Is this really a duplicate? The code to answer is in the other thread, but conceptually I think the two questions are different. This is about *setting* a nested value while the link is focused on *getting* a nested value — Addison Klinke, Jun 15 '22 at 19:32

jpp · Accepted Answer · 2019-01-11T11:13:44.457

Predefined dictionary structure: `functools.reduce`

You can define a function using functools.reduce to apply getitem repeatedly and then set a supplied value:

from functools import reduce
from operator import getitem

def set_nested_item(dataDict, mapList, val):
    """Set item in nested dictionary"""
    reduce(getitem, mapList[:-1], dataDict)[mapList[-1]] = val
    return dataDict

key_lst = ["key1", "key2", "key3"]
value = "my_value"
d = {"key1": {"key2": {"key3": "some_value"}}}

d = set_nested_item(d, key_lst, value)

print(d)
# {'key1': {'key2': {'key3': 'my_value'}}}

Note operator.getitem is used to access dict.__getitem__, or its more commonly used syntactic sugar dict[]. In this instance, functools.reduce calls getitem recursively on dataDict, successively using each value in mapList[:-1] as an argument. With [:-1], we intentionally leave out the last value, so we can use __setitem__ via dict[key] = value for the final key.
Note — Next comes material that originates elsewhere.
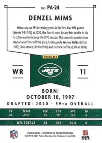 This is a nice example of a 2020 Panini Chronicles #PA-24 Denzel Mims Panini.

Arbitrary dictionary nesting: `collections.defaultdict`

If you wish to add items at arbitrary branches not yet been defined, you can construct a defaultdict. For this, you can first defaultify your regular dictionary input, then use set_nested_item as before:

from collections import defaultdict

def dd_rec():
    return defaultdict(dd_rec)

def defaultify(d):
    if not isinstance(d, dict):
        return d
    return defaultdict(dd_rec, {k: defaultify(v) for k, v in d.items()})

dd = defaultify(d)

key_lst = ["key1", "key2", "key5", "key6"]
value = "my_value2"
dd = set_nested_item(dd, key_lst, value)

print(dd)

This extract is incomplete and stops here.